In Linux based systems, the transport layer is typically the boundary of what is provided as a service by the kernel and what is implemented by some application in user space. We can use netstat to list all the active transport layer connections and services, including which processes own them (only as root).

pi@raspberrypi ~ $ sudo netstat -nap --inet
Active Internet connections (servers and established)
Proto Recv-Q Send-Q Local Address           Foreign Address         State       PID/Program name
tcp        0      0 0.0.0.0:80              0.0.0.0:*               LISTEN      1279/apache2  
tcp        0      0 0.0.0.0:22              0.0.0.0:*               LISTEN      1704/sshd      
tcp        0      0 0.0.0.0:631             0.0.0.0:*               LISTEN      1547/cupsd    
tcp        0    336 192.168.1.148:22        192.168.1.141:54757     ESTABLISHED 2509/sshd: pi [priv
tcp        0      0 192.168.1.148:50229     173.194.113.115:80      TIME_WAIT   -              
udp        0      0 0.0.0.0:61409           0.0.0.0:*                           1387/dhclient  
udp        0      0 0.0.0.0:5353            0.0.0.0:*                           1510/avahi-daemon:
udp        0      0 0.0.0.0:68              0.0.0.0:*                           1387/dhclient  
udp        0      0 192.168.1.148:123       0.0.0.0:*                           1623/ntpd      
udp        0      0 127.0.0.1:123           0.0.0.0:*                           1623/ntpd      
udp        0      0 0.0.0.0:123             0.0.0.0:*                           1623/ntpd      
udp        0      0 0.0.0.0:57724           0.0.0.0:*                           1510/avahi-daemon:

We can see that there are only 2 concrete TCP connections, an ssh session and the expiring state of the connection to the webserver used in the example above.

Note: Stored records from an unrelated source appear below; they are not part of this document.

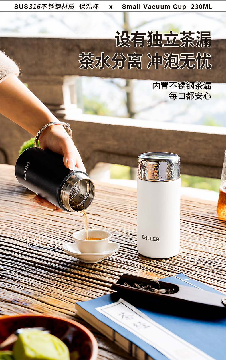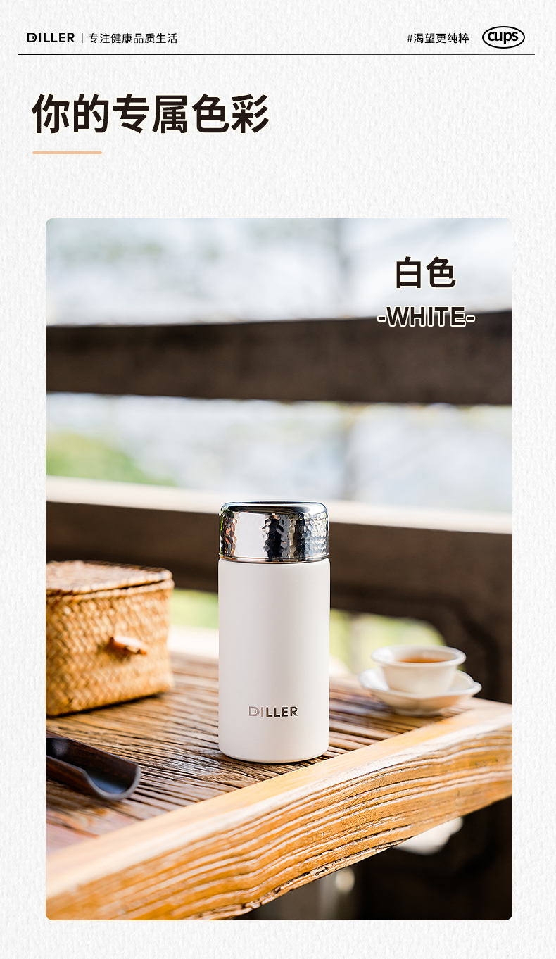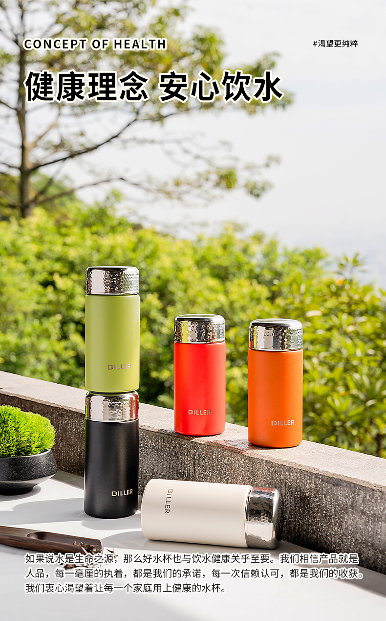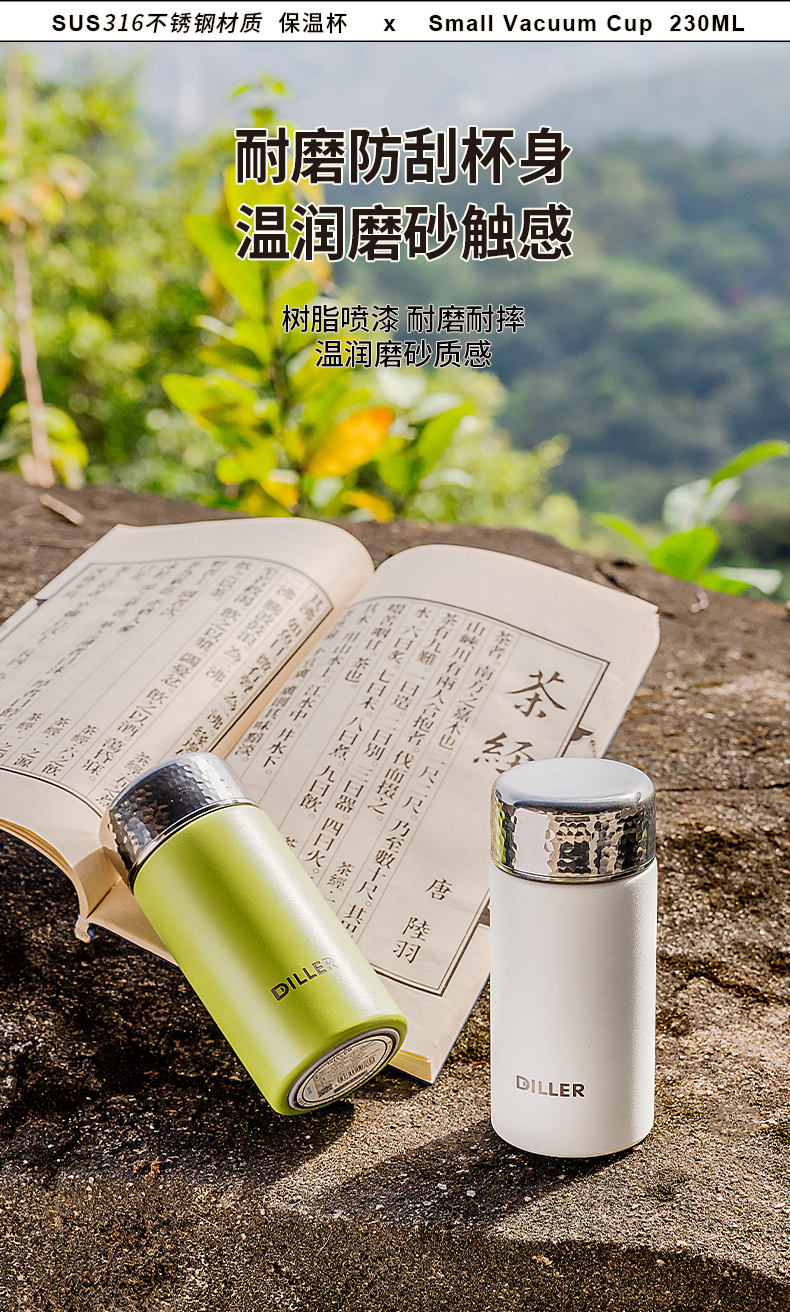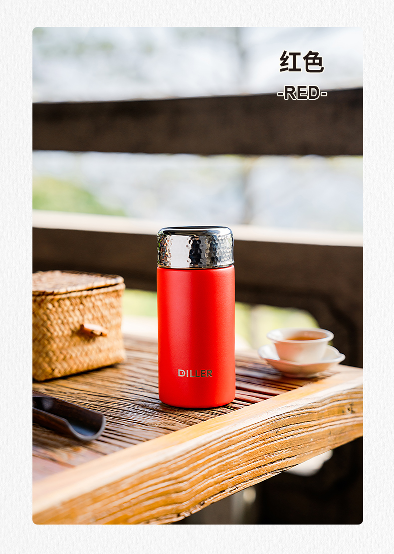 迪乐贝尔新品锤纹口袋杯女士便携直饮杯茶隔迷你保温杯子学生316不锈钢成人小巧水杯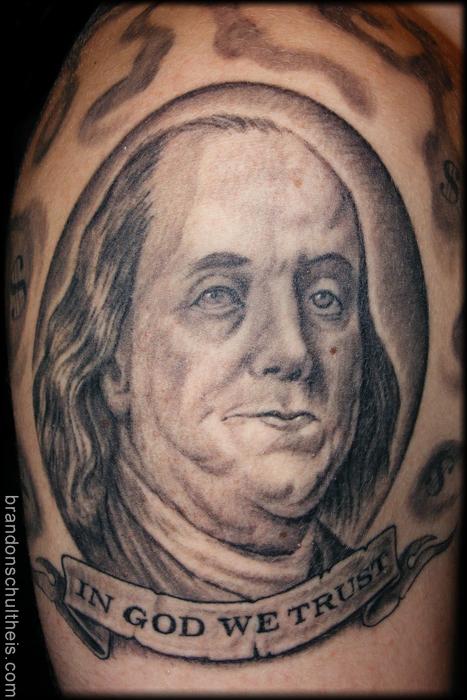 Just under that there is also a dollar inked. May 14 2020 - Explore Robbie Sparkss board Gangstered Benjamin Franklins on Pinterest. This is not the first tattoo that showcases.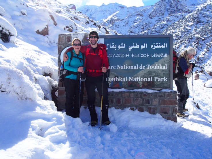 By now the sun was quite high and it was very warm so we all shed a couple of layers. Then we posed for photos at the entrance to the Toubkal National Park.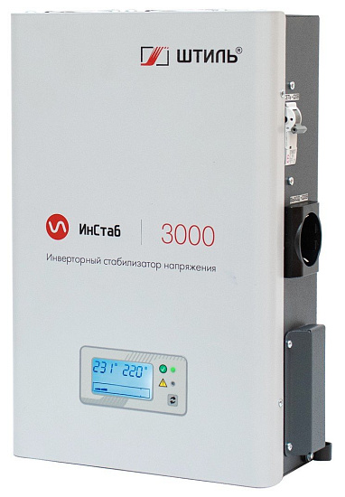 Штиль ИнСтаб IS3000 (220-230В) - Стабилизатор переменного напряжения инверторный (с двойным преобразованием) однофазный, чистая синусоида; P-нагр.3 кВА/2,5 кВт, U-вх.165…310 В, U-вых.220…230 В (с шагом 1 В), I-вых.14 A; IP20, t-раб. +5…+40°C, 205х370х103 мм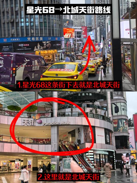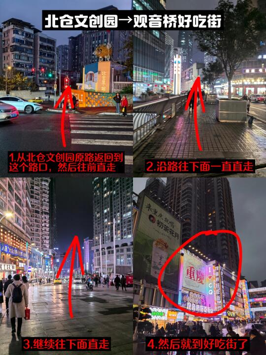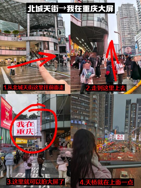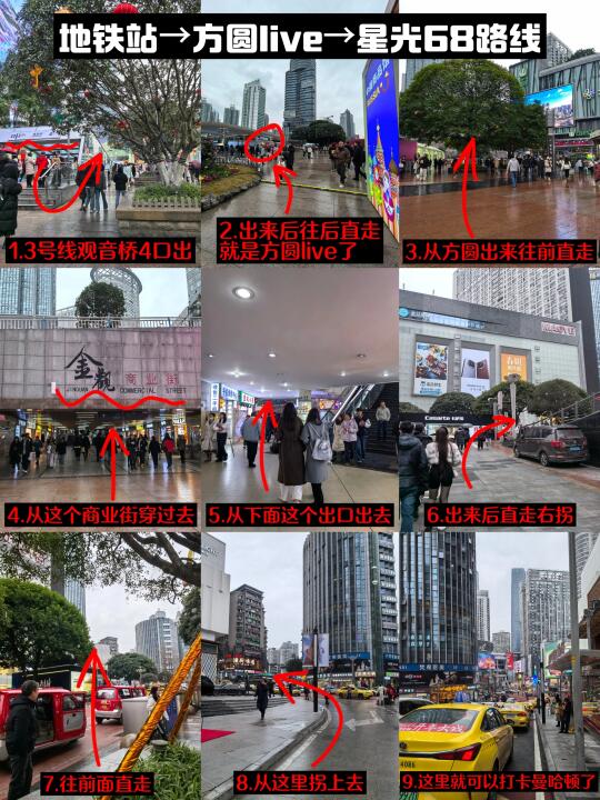 观音桥好玩的地方也蛮多的,也有很多可以打卡的地方,给大家总结了一下打卡路线。 ✅观音桥3号线地铁站→方圆live→星光68广场→北城天街→塔坪→北仓文创园→好吃街 这个路线很顺路!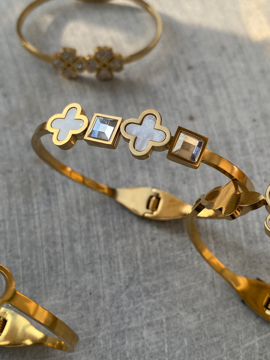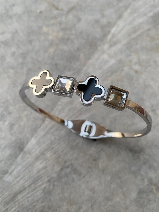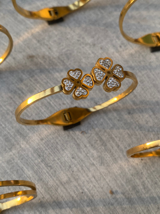 Stainless Steel Clover Cartiers (3 clovers with Rhinestones )
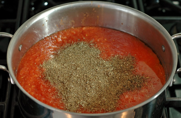 3. Add the processed tomatoes with their juices, salt, and dried basil to the pan. Stir to combine. Over medium heat, bring the contents of the pot to a boil, stirring frequently, and then reduce the heat to maintain a simmer. Cook for 1 hour. Pools of orange may appear on the surface, which means the sauce is done.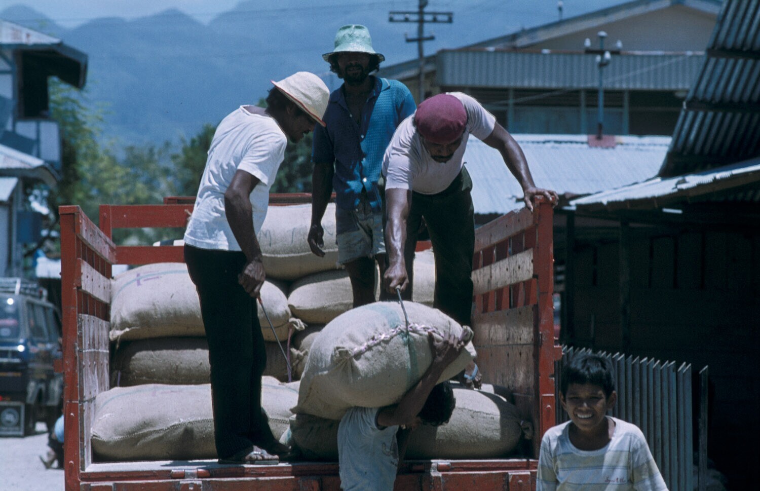 Het vervoer per auto en het inladen van zakken rijst...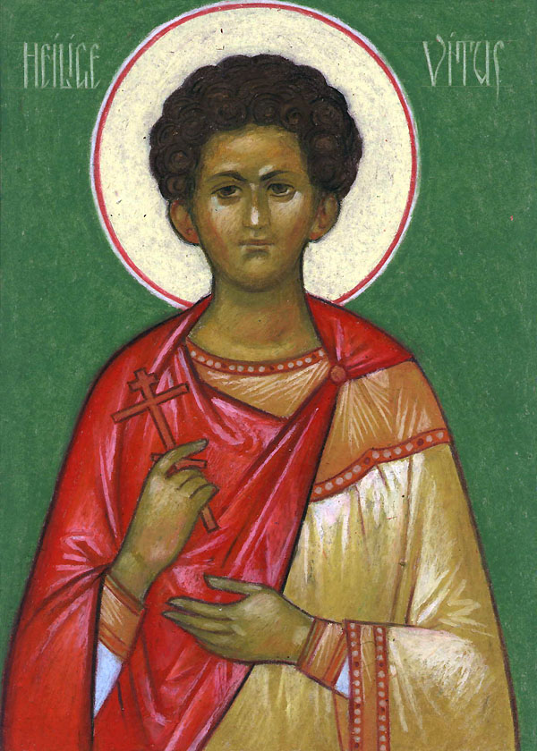 St Vitus was the son of an illustrious Sicilian dignitary, the pagan Gelas. Gelas tried to turn his son from Christianity, but failed. Paternal love then turned to hatred, and he decided to kill Vitus.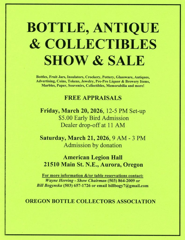 Tables $25 / limit 2. 3 Bottles to be raffled off. Dealer loading through roll up doors at back of building.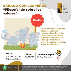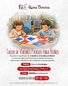 TALLER DE VALORES PATRIOS PARA NIÑOS Quinta Dominica Fecha: Domingo 22 de febrero Hora: 4:00 p.m. Lugar: Calle Padre Billini #202, Ciudad Colonial, Santo Domingo,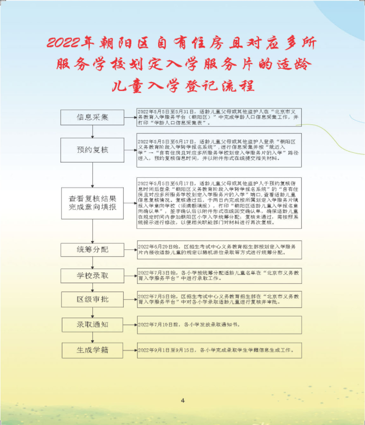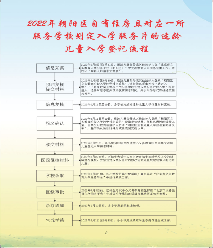 因2023年幼升小政策暂未发布,本文以2022年朝阳区义务教育阶段小学入学流程手册为您分享要求如下:

All the other entries are service endpoints, which a particular process has created in order to tell the kernel that it would be ready to handle incoming TCP or UDP transport connections for a particular port number - e.g. port 22 is the standard service port for ssh or port 80 for http.

During this tour through the lowest levels of the Linux networking stack, we have been dealing exclusively with numerical addresses and port numbers, while as regular users of the Internet, we are accustomed to descriptive names instead. In one of the following episodes of Linux Toolshed, we will be exploring how hosts on the network get their names and addresses.